|
Nearly 60,000 Nepali women have had legal abortions since March 2004. But despite the impressive numbers, there are still huge obstacles to guarantee women's right to safe abortion.
For example, over 10 percent of women who sought abortions at 22 facilities in the country from January to March 2006 were rejected because they were more than 12 weeks pregnant, according to a recent study by the Centre for Research on Environment, Health and Population Activities.
Anand Tamang of CREHPA, which produced the National Facility-based Abortion Baseline Study says so many women are turned away because they calculate their date of conception differently than the law does.
That ignorance of the law's particulars is not surprising, since the study also found that only 50 percent of women seeking what is known as comprehensive abortion care (CAC) were aware that it is legal. Of those, less than half knew that it was permitted on request during the first 12 weeks of pregnancy.
Abortion is permissible up to 12 weeks, until 18 weeks if the pregnancy resulted from rape or incest and any time, with a doctor's consent, if the women's health is in danger or the foetus is severely deformed.
Four years before abortion was legalised, a Ministry of Health study estimated that 54 percent of maternal deaths were caused by unsafe abortion.
"I think (unsafe abortions) have been reduced. But still they come," says Dr Sudha Thapa, deputy director at Maternity Hospital, the country's only training centre for doctors-and in a current pilot project, nurses-who must be certified before they can perform the procedure.
Another CREHPA study found that of 1,560 cases treated at Maternity Hospital from April 2004-2005, 138 were for complications caused by induced abortion.
"A big challenge is educating women (and men) of their rights to safe abortion and what is safe abortion," says Wendy Darby of Ipas, a US-based NGO that has given considerable financial and technical support to Nepal's Safe Abortion Program.
Poor information dissemination, high cost, and lack of staffed service centres have been directly responsible for the jailing of more than a dozen women since the abortion law was changed (see, Jailed).
In urban areas, government, private and NGO facilities all offer CAC while government centres predominate in rural Nepal. And although the government has twice as many certified facilities, the others have performed more than three times as many abortions.
Sixty-eight of Nepal's 75 districts now have at least one trained service provider, but "23 of them are not yet providing services, for a variety of reasons," Darby told us via email.
Laxmi Raj Pathak helped push the abortion bill through parliament when he was director of the Health Ministry's Family Health Division. He blames slow decision-making for inadequate abortion services in rural areas, the result of poor management. "People are committed but no one wants to take risks," he told us. "If you want to serve rural people you have to deviate from the guidelines sometimes."
Jailed
When Shruti learned she was pregnant she decided that she did not want to have the baby. The married woman went to the hospital in Dhankuta, where she discovered she didn't have enough money for the procedure (which averages just over Rs 1,000 in government hospitals). She returned home.

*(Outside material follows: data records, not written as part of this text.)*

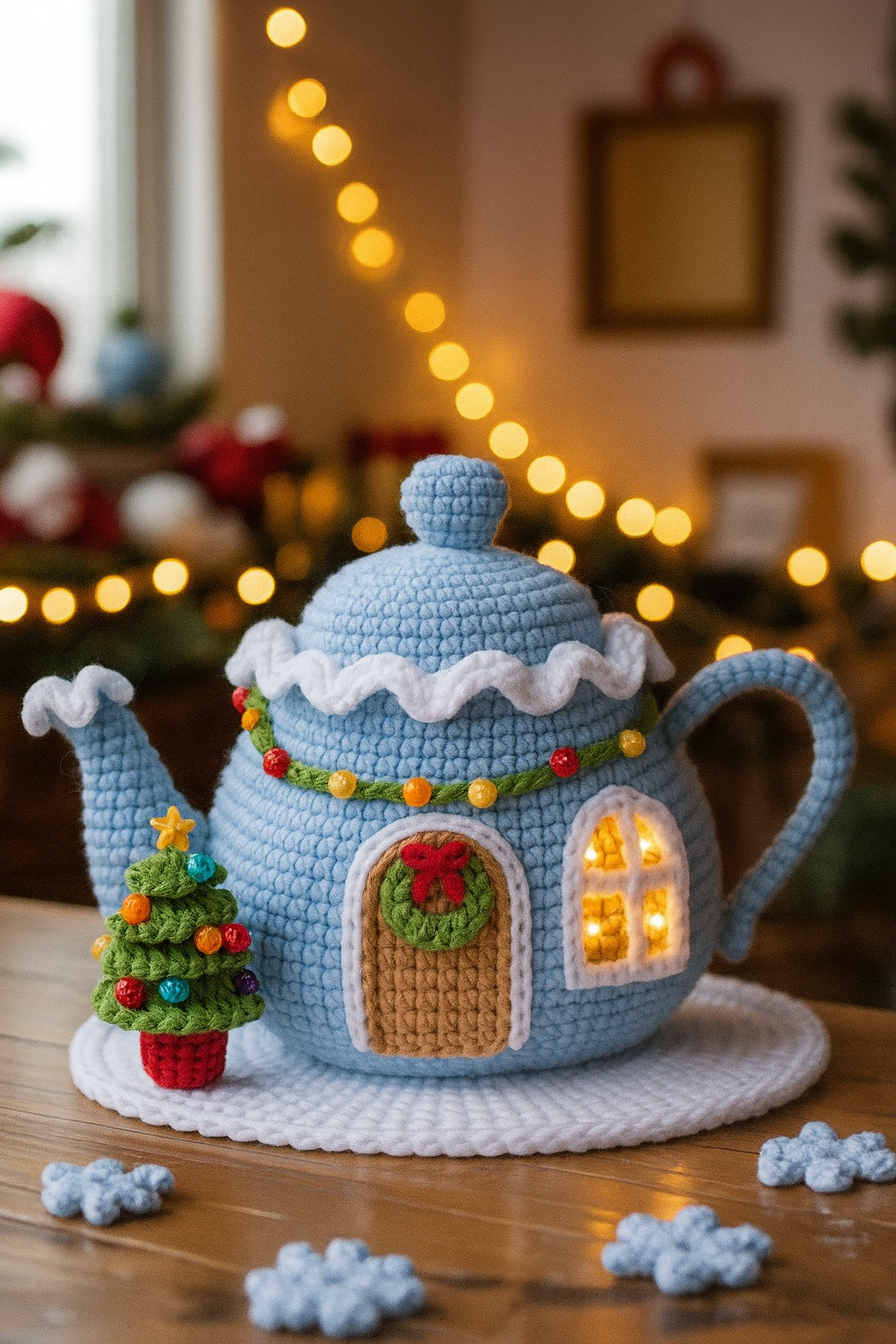 Another creative idea is to use the teapot house as part of a larger Christmas village display. Combined with other handmade items like crocheted trees or snowmen, it creates a magical holiday scene.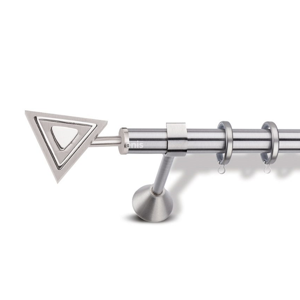 Μεταλλική ανοξείδωτη κουρτινόβεργα Enis Ματ Νίκελ, Άστρο σε μονή βέργα σε διάφορες διαστάσεις. Η διάμετρος της βέργας είναι Ø25mm και περιλαμβάνει έως 3 στηρίγματα ανάλογα με την διάσταση.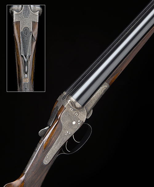 30in. nitro reproved barrels, the rib engraved 'FREDERIC. T. BAKER. 88. FLEET ST. & 21. COCKSPUR ST. PALL MALL LONDON. - SIR JOSEPH WHITWORTH'S FLUID PRESSED STEEL.', 2 1/2in. chambers, bored approx. true cyl. and 1/4 choke, hammerless action with Needham patent ejectors, patent no.1204 of 1874, Westley Richards 1871 patent top extension, carved serpentine fences, automatic safety with gold 'SAFE' detail, gold-inlaid cocking-indicators, leg of mutton back-action lockplates, border and fine acanthus scroll engraving, the underside with the F.T. Baker trademark, retaining very slight traces of original colour-hardening and finish, 15in. figured stock including 1in. leather-covered recoil pad, 6lb. 10oz., in a leather leg of mutton guncase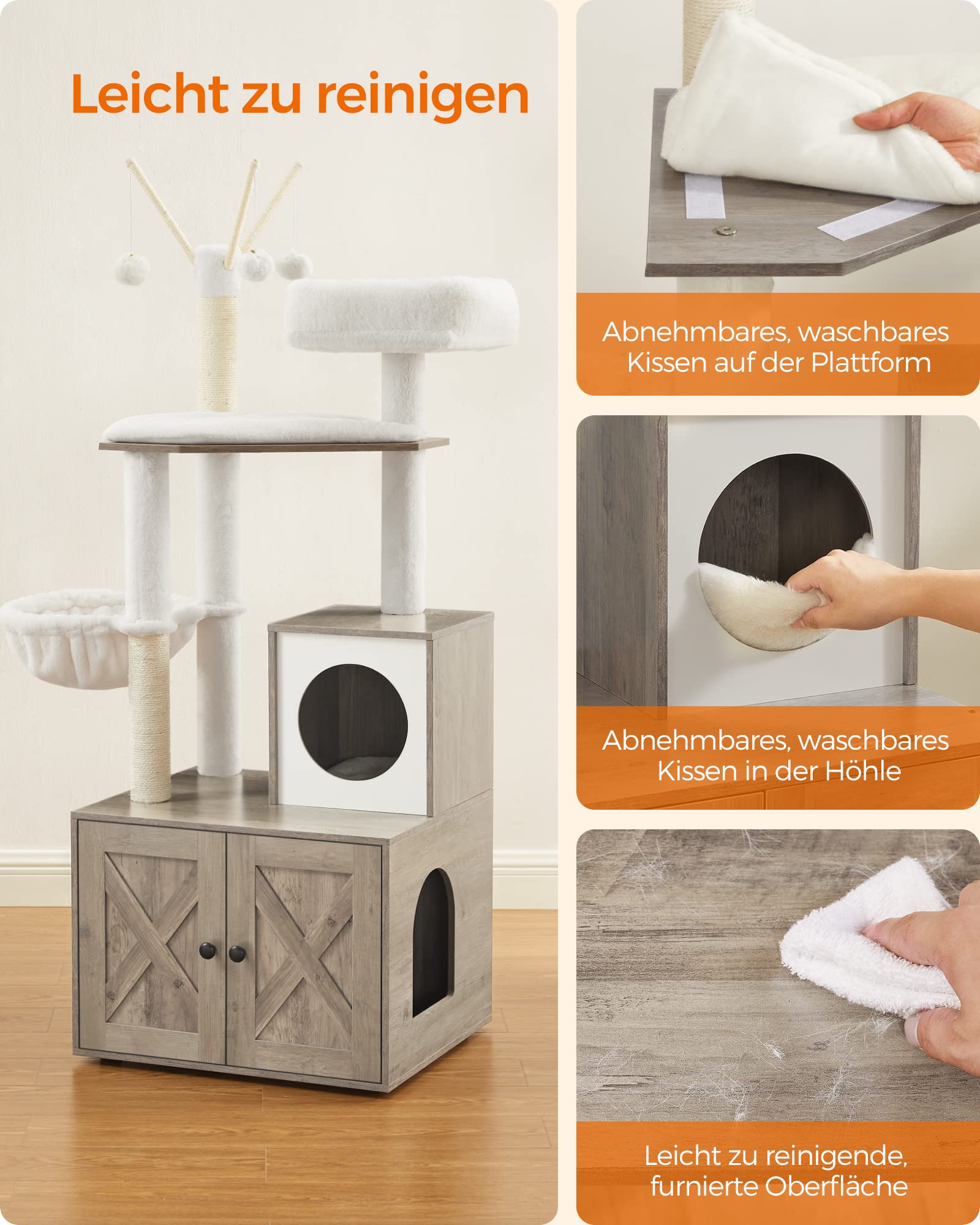 Dank der widerstandsfähigen Materialien und der pflegeleichten, waschbaren Elemente ist dieses Katzenmöbel eine langfristige Investition. Die Reinigung gestaltet sich unkompliziert, was für Sie weniger Aufwand und für Ihren Stubentiger eine konstant saubere Wohlfühloase bedeutet.

Months later the child was 'stillborn', Shruti (not her real name) told police after they were alerted about the dead baby. She repeated that story again at the district court, which found her guilty of homicide but sentenced her to just five years; the maximum is 20 years.
An appellate court upheld the shorter sentence but Forum for Women, Law and Development is appealing it to the Supreme Court, arguing that the abortion fee deprived Shruti of her right to abortion.
There are other obstacles, FWLD's Lokhari Bashyal told us. "Sometimes women pass the legal deadline for an abortion (12 weeks) for lack of knowledge. Even if there is an authorised hospital or clinic, sometimes the doctor is not there."
Hospital overburdened
Nepal's first legal abortion was performed in Maternity Hospital in March 2004, and nearly 300 doctors and over 200 nurse assistants have been trained to deliver comprehensive abortion care. But the hospital's CAC unit still struggles to meet demand. "Some days 25-30 women come. Some are rejected, some we do abortions for-about 15 a day-and some we ask to come a few days later," says CAC Coordinator Dr Sudha Thapa, sitting in the unit's cramped training room.
The doctors trained at the unit leave, and there is usually just one doctor on duty. Nurse training is meant to meet some of the demand, and other training centres are soon to open in Butwal and Pokhara.
Lack of knowledge remains the biggest obstacle to women getting safe abortions, according to Thapa. "Even doctors who come to work here don't know about the law, so how can the public know?"